■ Task objective: What you return must match the listing below character for character, minus any pictures.

■ Stored data:
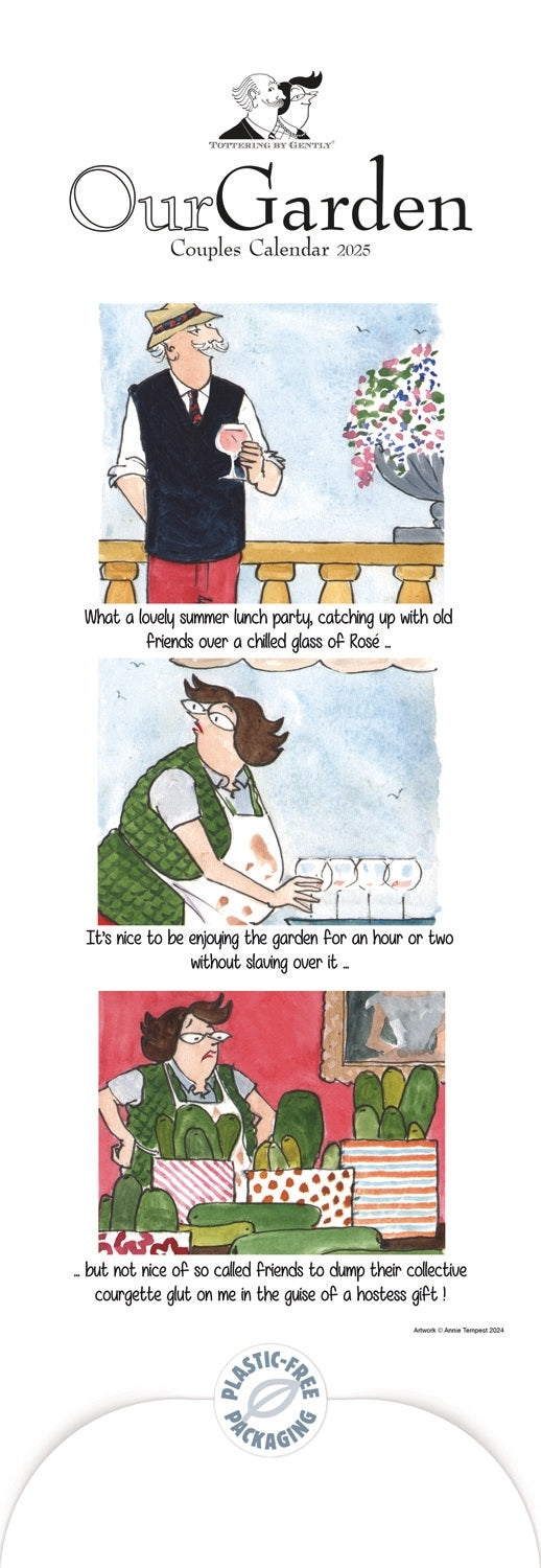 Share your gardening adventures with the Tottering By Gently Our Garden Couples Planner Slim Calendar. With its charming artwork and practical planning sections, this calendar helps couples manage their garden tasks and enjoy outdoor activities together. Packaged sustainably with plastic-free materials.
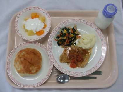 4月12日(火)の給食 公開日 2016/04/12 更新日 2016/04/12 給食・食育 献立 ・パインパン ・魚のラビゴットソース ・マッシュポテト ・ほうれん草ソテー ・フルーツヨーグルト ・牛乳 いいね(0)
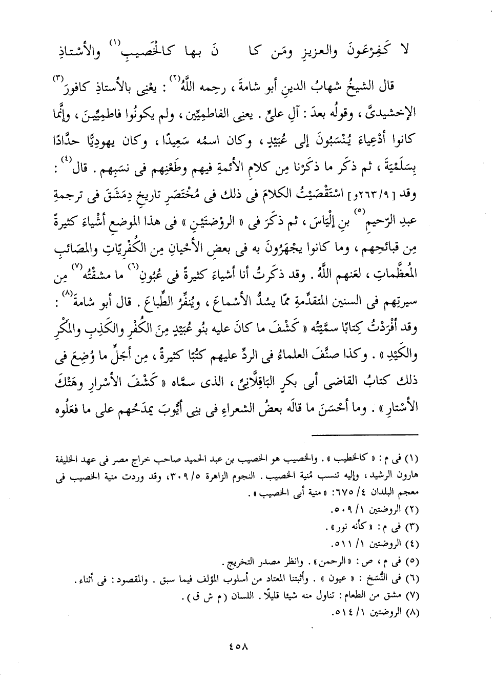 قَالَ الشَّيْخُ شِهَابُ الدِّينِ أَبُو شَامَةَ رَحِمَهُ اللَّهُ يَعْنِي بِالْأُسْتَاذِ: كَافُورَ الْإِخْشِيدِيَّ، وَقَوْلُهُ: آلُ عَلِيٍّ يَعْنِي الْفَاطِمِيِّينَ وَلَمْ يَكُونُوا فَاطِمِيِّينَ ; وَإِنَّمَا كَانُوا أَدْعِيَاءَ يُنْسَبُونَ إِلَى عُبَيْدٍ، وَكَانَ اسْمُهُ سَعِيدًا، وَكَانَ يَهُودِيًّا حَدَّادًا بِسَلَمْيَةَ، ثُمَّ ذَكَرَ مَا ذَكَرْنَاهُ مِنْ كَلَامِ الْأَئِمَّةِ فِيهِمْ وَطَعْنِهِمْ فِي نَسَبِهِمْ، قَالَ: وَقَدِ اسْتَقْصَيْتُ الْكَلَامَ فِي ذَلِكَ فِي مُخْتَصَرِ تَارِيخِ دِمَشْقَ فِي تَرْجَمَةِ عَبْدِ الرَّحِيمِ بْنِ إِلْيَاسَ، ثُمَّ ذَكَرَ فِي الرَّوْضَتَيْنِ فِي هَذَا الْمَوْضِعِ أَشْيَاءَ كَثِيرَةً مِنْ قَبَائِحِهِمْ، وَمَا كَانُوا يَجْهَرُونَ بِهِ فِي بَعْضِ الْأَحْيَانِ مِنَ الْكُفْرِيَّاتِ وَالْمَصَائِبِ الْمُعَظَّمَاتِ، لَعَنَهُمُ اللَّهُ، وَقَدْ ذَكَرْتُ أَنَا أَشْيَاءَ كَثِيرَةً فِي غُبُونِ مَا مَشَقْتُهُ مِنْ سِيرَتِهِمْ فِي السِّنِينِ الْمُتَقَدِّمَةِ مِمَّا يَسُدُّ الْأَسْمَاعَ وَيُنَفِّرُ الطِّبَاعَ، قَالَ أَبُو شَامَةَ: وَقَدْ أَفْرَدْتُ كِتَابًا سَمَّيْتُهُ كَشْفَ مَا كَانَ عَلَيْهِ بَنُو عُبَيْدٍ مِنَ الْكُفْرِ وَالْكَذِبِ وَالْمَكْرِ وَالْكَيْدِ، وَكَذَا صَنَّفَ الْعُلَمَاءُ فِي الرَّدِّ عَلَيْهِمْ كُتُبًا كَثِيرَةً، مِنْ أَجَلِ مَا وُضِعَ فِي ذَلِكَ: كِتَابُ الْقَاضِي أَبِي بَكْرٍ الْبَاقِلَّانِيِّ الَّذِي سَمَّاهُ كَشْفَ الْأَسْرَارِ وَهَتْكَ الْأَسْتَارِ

■ Reply to the task:
 Share your gardening adventures with the Tottering By Gently Our Garden Couples Planner Slim Calendar. With its charming artwork and practical planning sections, this calendar helps couples manage their garden tasks and enjoy outdoor activities together. Packaged sustainably with plastic-free materials.
 4月12日(火)の給食 公開日 2016/04/12 更新日 2016/04/12 給食・食育 献立 ・パインパン ・魚のラビゴットソース ・マッシュポテト ・ほうれん草ソテー ・フルーツヨーグルト ・牛乳 いいね(0)
 قَالَ الشَّيْخُ شِهَابُ الدِّينِ أَبُو شَامَةَ رَحِمَهُ اللَّهُ يَعْنِي بِالْأُسْتَاذِ: كَافُورَ الْإِخْشِيدِيَّ، وَقَوْلُهُ: آلُ عَلِيٍّ يَعْنِي الْفَاطِمِيِّينَ وَلَمْ يَكُونُوا فَاطِمِيِّينَ ; وَإِنَّمَا كَانُوا أَدْعِيَاءَ يُنْسَبُونَ إِلَى عُبَيْدٍ، وَكَانَ اسْمُهُ سَعِيدًا، وَكَانَ يَهُودِيًّا حَدَّادًا بِسَلَمْيَةَ، ثُمَّ ذَكَرَ مَا ذَكَرْنَاهُ مِنْ كَلَامِ الْأَئِمَّةِ فِيهِمْ وَطَعْنِهِمْ فِي نَسَبِهِمْ، قَالَ: وَقَدِ اسْتَقْصَيْتُ الْكَلَامَ فِي ذَلِكَ فِي مُخْتَصَرِ تَارِيخِ دِمَشْقَ فِي تَرْجَمَةِ عَبْدِ الرَّحِيمِ بْنِ إِلْيَاسَ، ثُمَّ ذَكَرَ فِي الرَّوْضَتَيْنِ فِي هَذَا الْمَوْضِعِ أَشْيَاءَ كَثِيرَةً مِنْ قَبَائِحِهِمْ، وَمَا كَانُوا يَجْهَرُونَ بِهِ فِي بَعْضِ الْأَحْيَانِ مِنَ الْكُفْرِيَّاتِ وَالْمَصَائِبِ الْمُعَظَّمَاتِ، لَعَنَهُمُ اللَّهُ، وَقَدْ ذَكَرْتُ أَنَا أَشْيَاءَ كَثِيرَةً فِي غُبُونِ مَا مَشَقْتُهُ مِنْ سِيرَتِهِمْ فِي السِّنِينِ الْمُتَقَدِّمَةِ مِمَّا يَسُدُّ الْأَسْمَاعَ وَيُنَفِّرُ الطِّبَاعَ، قَالَ أَبُو شَامَةَ: وَقَدْ أَفْرَدْتُ كِتَابًا سَمَّيْتُهُ كَشْفَ مَا كَانَ عَلَيْهِ بَنُو عُبَيْدٍ مِنَ الْكُفْرِ وَالْكَذِبِ وَالْمَكْرِ وَالْكَيْدِ، وَكَذَا صَنَّفَ الْعُلَمَاءُ فِي الرَّدِّ عَلَيْهِمْ كُتُبًا كَثِيرَةً، مِنْ أَجَلِ مَا وُضِعَ فِي ذَلِكَ: كِتَابُ الْقَاضِي أَبِي بَكْرٍ الْبَاقِلَّانِيِّ الَّذِي سَمَّاهُ كَشْفَ الْأَسْرَارِ وَهَتْكَ الْأَسْتَارِ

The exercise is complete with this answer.